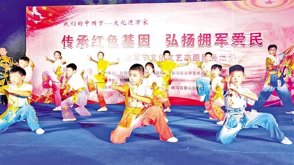 7月27日晚,扶沟县文旅局、县文联、县文化馆在县人民公园联合举办庆祝“八一”建军节文化志愿者服务活动。图为孩子们在表演节目。 记者 金月全 通讯员 许伯景 摄
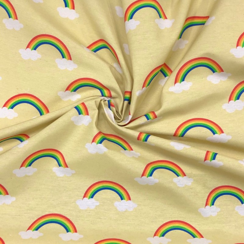 Cotton Rich Panama Fabric Rainbows Clouds Curtain Upholstery Cushion
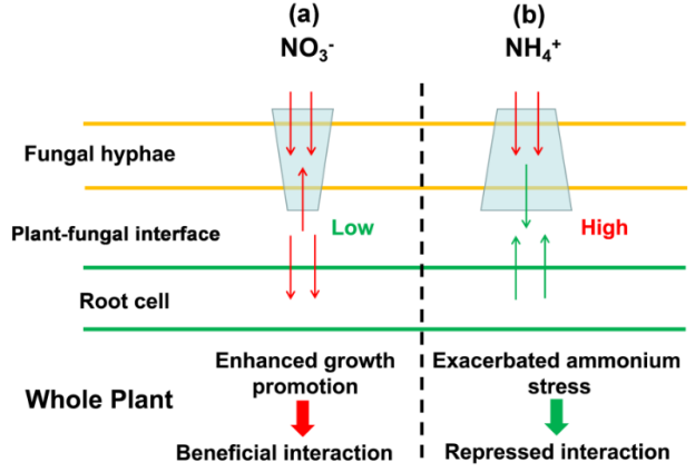 内容:介绍非损伤微测技术在根部内生真菌调控宿主对无机氮素形式适应性研究中的应用。在高NH4+条件下,共生真菌定殖根系表现出显著增加的NH4+积累和外排,类似于NH4+水平升高引起的“铵毒”表型。真菌在与宿主根部相互作用过程中排出了NH4+,从而导致在高NH4+条件下植物-真菌界面处的NH4+水平增加。研究揭示了内生真菌枫香拟茎点霉通过影响根系-菌丝交界面NO3-/NH4+的离子动态调控宿主拟南芥对不同氮素形式的响应。

• [Problem requirements]
Transcribe the whole listing exactly. Pictures stay out of your copy.

• [Reply]
 7月27日晚,扶沟县文旅局、县文联、县文化馆在县人民公园联合举办庆祝“八一”建军节文化志愿者服务活动。图为孩子们在表演节目。 记者 金月全 通讯员 许伯景 摄
 Cotton Rich Panama Fabric Rainbows Clouds Curtain Upholstery Cushion
 内容:介绍非损伤微测技术在根部内生真菌调控宿主对无机氮素形式适应性研究中的应用。在高NH4+条件下,共生真菌定殖根系表现出显著增加的NH4+积累和外排,类似于NH4+水平升高引起的“铵毒”表型。真菌在与宿主根部相互作用过程中排出了NH4+,从而导致在高NH4+条件下植物-真菌界面处的NH4+水平增加。研究揭示了内生真菌枫香拟茎点霉通过影响根系-菌丝交界面NO3-/NH4+的离子动态调控宿主拟南芥对不同氮素形式的响应。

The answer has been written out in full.